Sunday, May 31, 2009

Bernard Gordon's Western that didn't get made.

From HOLLYWOOD EXILE or How I Learned To Love the Black List by Bernard Gordon

Gordon was hired by Philip Yordan to come up with more projects to make after CAPTAIN APACHE.

He set me up with a desk, a Selectric typewriter, and plenty of paper in a fine apartment he had fixed up above the very spacious garage at one edge of his Beverly Hills property. For source material, he dumped on me a stack of scripts he had acquired at bargain rates. These scripts had all been written by an American, Marc Behm, who lived in Paris. Behm was a compulsive writer who could and did turn out screenplays in a matter of days, and, according to Yordan, had a closet bulging with such scripts. Yordan bought them wholesale for about $1,000 apiece. Then he pawed through them to see, from time to time, if there was anything there he could use. Actually, Behm was a talented writer who had a few respectable credits, such as co-writer on the Beatles' second feature, HELP. But none of the Behm scripts Yordan bought ever made it to the screen.I went to work reading these scripts to try and find at least an idea for basis for a practical production. As once before on KRAKATOA, I had to work on spec, but the genuine prospect of returning to Madrid and of becoming a producer made me willing to gamble.I finally settled on a Western of Behm's that turned me on. It was about a beautiful Indian girl who, having been raped by a gang of scruffy outlaws, for revenge sets out to kill them all. By herself. The script had some of Marc's originality, weirdness, and whimsy, but it was woefully weak in character motivation, story development, theme and the kind of ideas necessary to give it unity and direction. I pounded away at the typewriter, pleased with the way the script was going.
When I finished and gave it to Yordan, he read it swiftly and, for the only time in my experience with him, compared my writing to his own."It's just what I would have written," he said. "Only better."
He put Sidney Harmon to work on casting. It looked as though this would be the next picture on the schedule after CAPTAIN APACHE. I called my version of the script THEY ALL CAME TO KILL...
During these last months of 1970, as I was getting my feet wet in production, I also wanted to schedule my script of THEY ALL CAME TO KILL, but we proceeded instead with another old potboiler of Yordan's, BAD MAN'S RIVER. This was something he or someone had written years ago in Hollywood, one of the many scripts in Yordan's backlog.
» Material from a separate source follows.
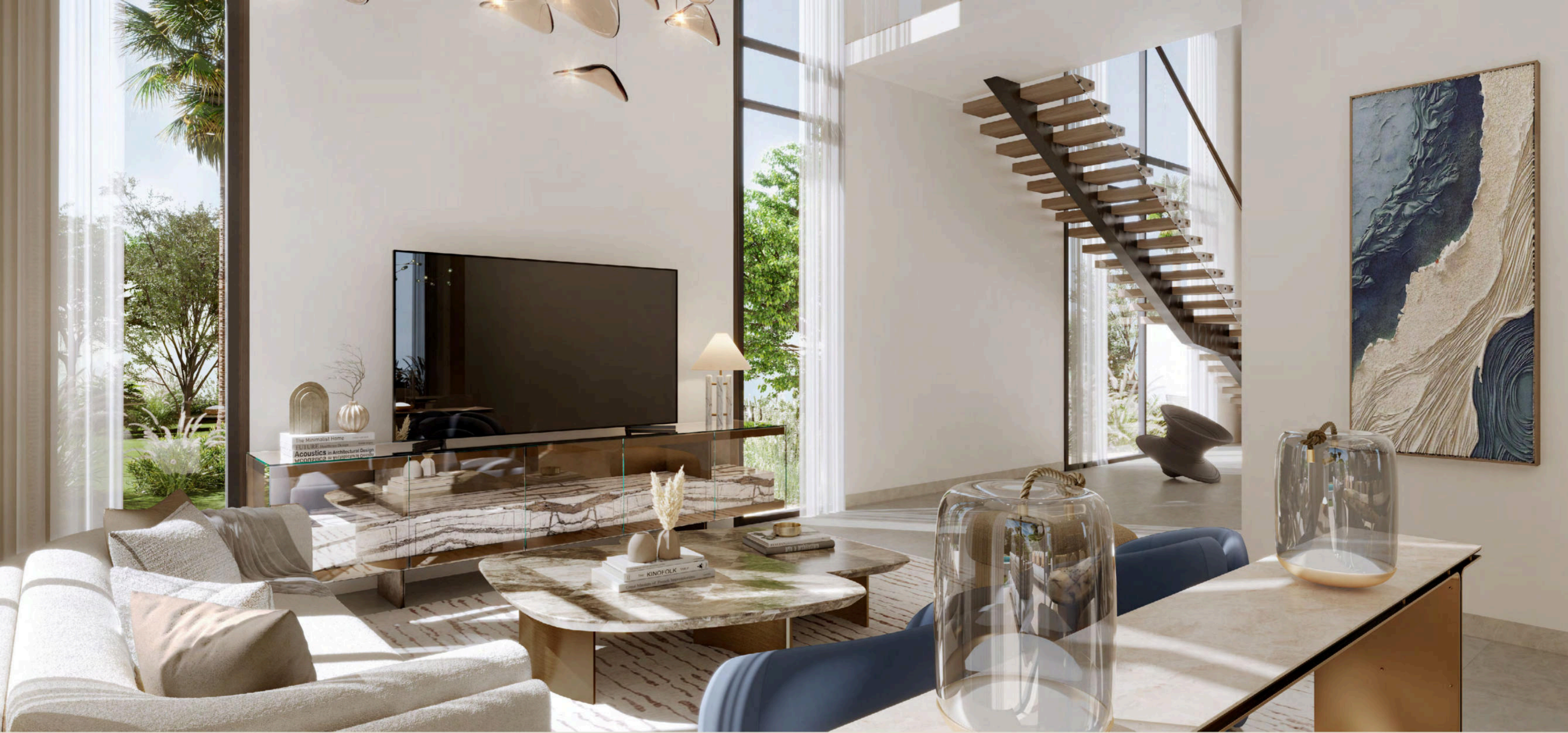
5-BEDROOM VILLA | LIVING ROOM
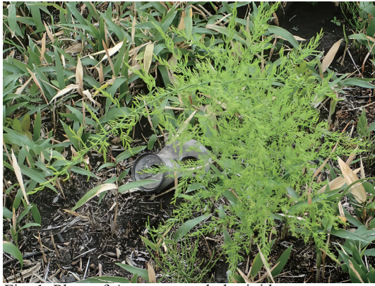
Fig. 1. Plant of Asparagus schoberioides .

When I protested that KILL was a good script and ready to go, Yordan agreed that others liked it too, but he told me that Ben Fisz had nixed it because he didn't believe that a Western should be made with a woman lead. End of story - except that not much later another major American film was shot in Spain, a Western with Raquel Welch in the lead. HANNIE CAULDER bore a startling resemblence to THEY ALL CAME TO KILL: a woman raped by an evil gang deals with a bounty hunter, personally exacts revenge on her violators. I was bitter about this and wondered whether it was possible that Yordan felt it necessary to reinforce his position by supplying a script with his own name attached.